─── Data shown

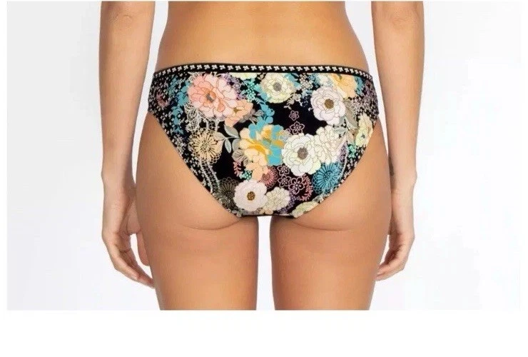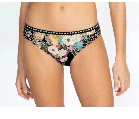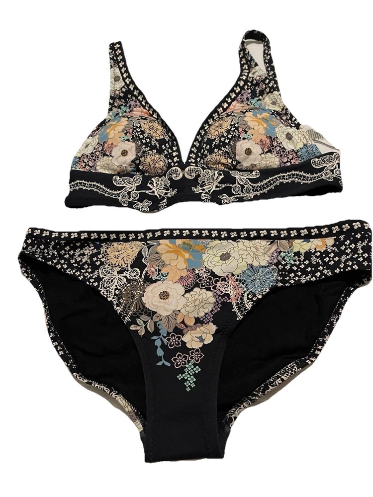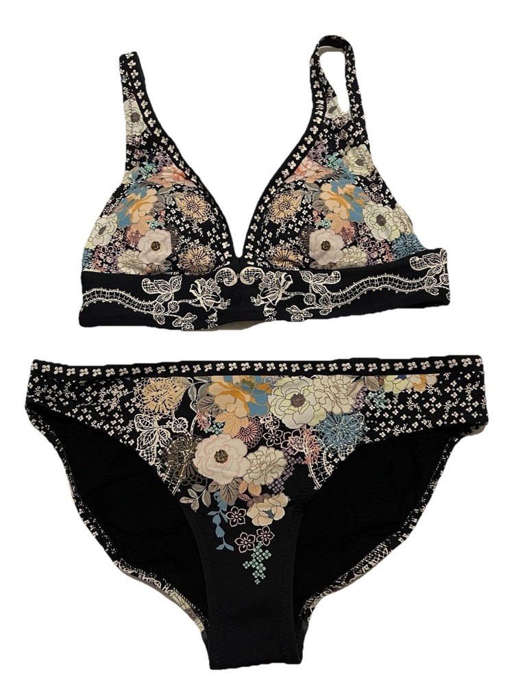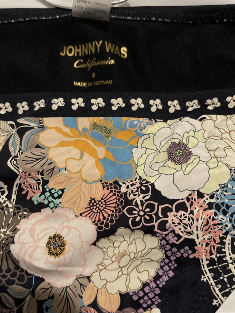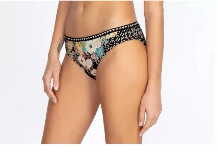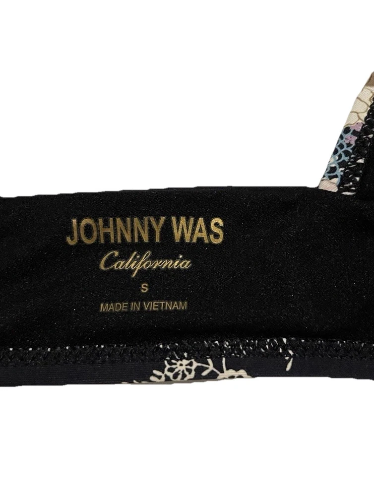 The JOHNNY WAS Size S Mila Bikini Top and Hipster Bottom Set is a stylish and comfortable swimwear option for women. The bikini top features a floral pattern and a strapless design, while the hipster bottoms are in a coordinating color. Made from polyamide, this two-piece bikini set is perfect for the beach or pool, with features like a built-in bra, padded cups, and a quick-dry design. The brand, Johnny Was, is known for its unique and detailed prints, making this bikini set a standout choice for those looking for a blend of style and functionality in their swimwear.
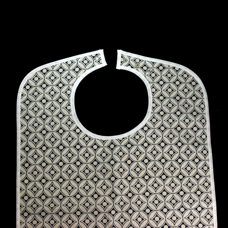 Si desea más información acerca de los colores o del producto en general póngase en contacto con nosotros aquí.Práctico y elegante babero para adultos con estampado geométrico, ideal para proteger la ropa durante las comidas sin renunciar al estilo. Fabricado con materiales resistentes, ligeros y fáciles de limpiar, este babero ofrece una excelente cobertura y comodidad, adaptándose perfectamente al contorno del cuello gracias a su cierre con corchetes ajustables.
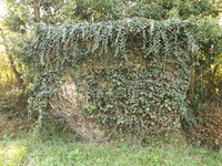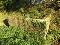 A proximité de l'abri atelier, deux cuve étaient systématiquement présentes. Elles assuraient le stockage de l'eau nécessaire au rinçage des générateurs de vapeur. Cette cuve de forme rectangulaire est toujours visible et demeure en bon état. Elle est en revanche en partie comblée et recouverte de végétation.

──────

The task ->
Retype the data exactly; images stay out.

Answer to this problem ->
 The JOHNNY WAS Size S Mila Bikini Top and Hipster Bottom Set is a stylish and comfortable swimwear option for women. The bikini top features a floral pattern and a strapless design, while the hipster bottoms are in a coordinating color. Made from polyamide, this two-piece bikini set is perfect for the beach or pool, with features like a built-in bra, padded cups, and a quick-dry design. The brand, Johnny Was, is known for its unique and detailed prints, making this bikini set a standout choice for those looking for a blend of style and functionality in their swimwear.
 Si desea más información acerca de los colores o del producto en general póngase en contacto con nosotros aquí.Práctico y elegante babero para adultos con estampado geométrico, ideal para proteger la ropa durante las comidas sin renunciar al estilo. Fabricado con materiales resistentes, ligeros y fáciles de limpiar, este babero ofrece una excelente cobertura y comodidad, adaptándose perfectamente al contorno del cuello gracias a su cierre con corchetes ajustables.
 A proximité de l'abri atelier, deux cuve étaient systématiquement présentes. Elles assuraient le stockage de l'eau nécessaire au rinçage des générateurs de vapeur. Cette cuve de forme rectangulaire est toujours visible et demeure en bon état. Elle est en revanche en partie comblée et recouverte de végétation.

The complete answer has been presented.